▶ [Given data]
= = = =

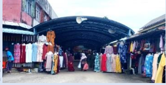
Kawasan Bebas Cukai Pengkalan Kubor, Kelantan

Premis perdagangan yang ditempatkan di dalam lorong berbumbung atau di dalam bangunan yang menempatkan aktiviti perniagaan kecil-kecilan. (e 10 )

= = = =

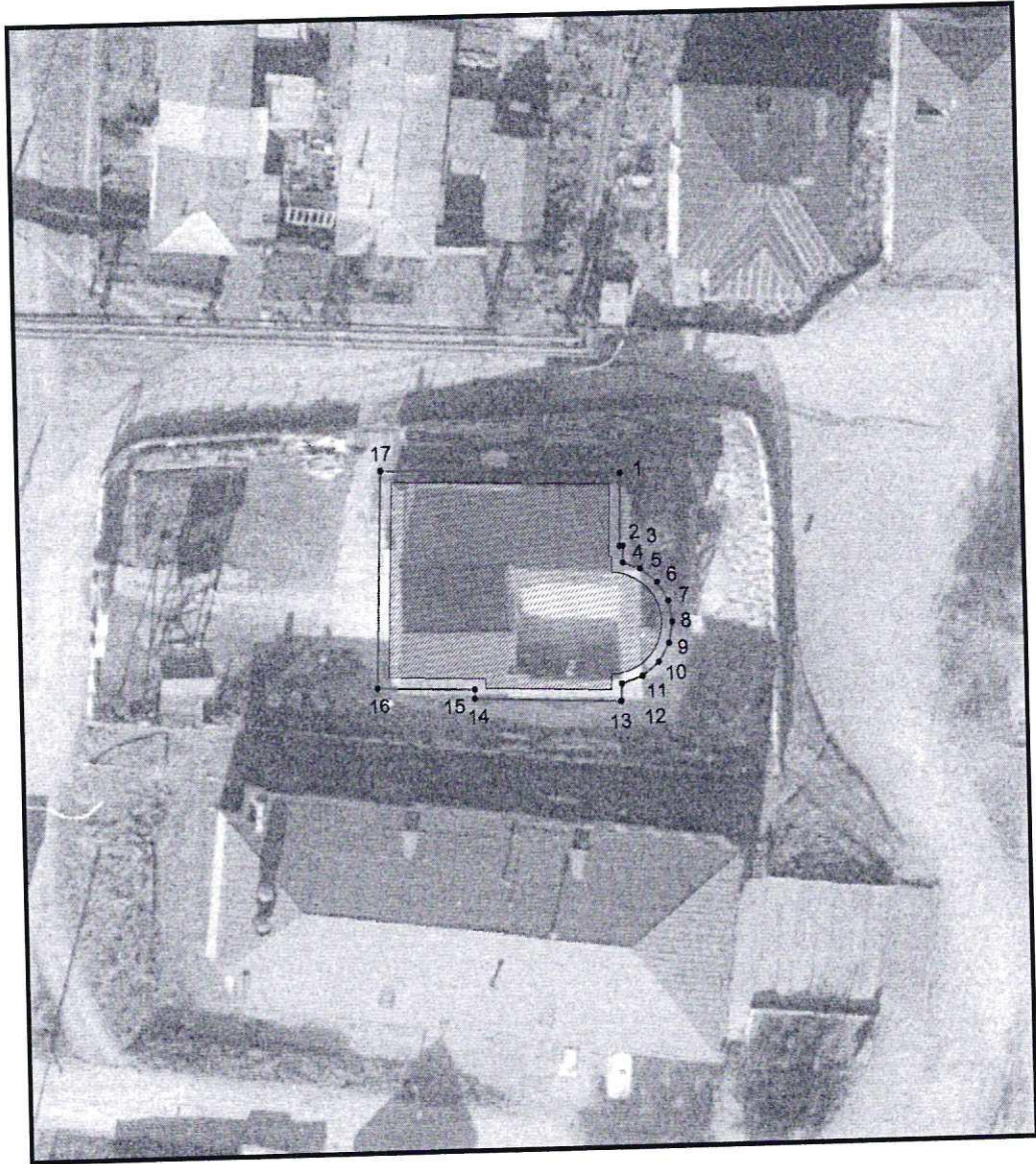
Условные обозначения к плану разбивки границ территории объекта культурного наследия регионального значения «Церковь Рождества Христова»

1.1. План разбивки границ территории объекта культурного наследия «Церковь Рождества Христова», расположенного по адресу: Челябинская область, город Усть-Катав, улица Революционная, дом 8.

= = = =

▶ [Work to complete] With the first line being the one containing "Kawasan Bebas Cukai Pengkalan Kubor, Kelantan" and the last line the one containing "Premis perdagangan yang", transcribe exactly the lines above that fall in that range.

▶ [The answer]
Kawasan Bebas Cukai Pengkalan Kubor, Kelantan

Premis perdagangan yang ditempatkan di dalam lorong berbumbung atau di dalam bangunan yang menempatkan aktiviti perniagaan kecil-kecilan. (e 10 )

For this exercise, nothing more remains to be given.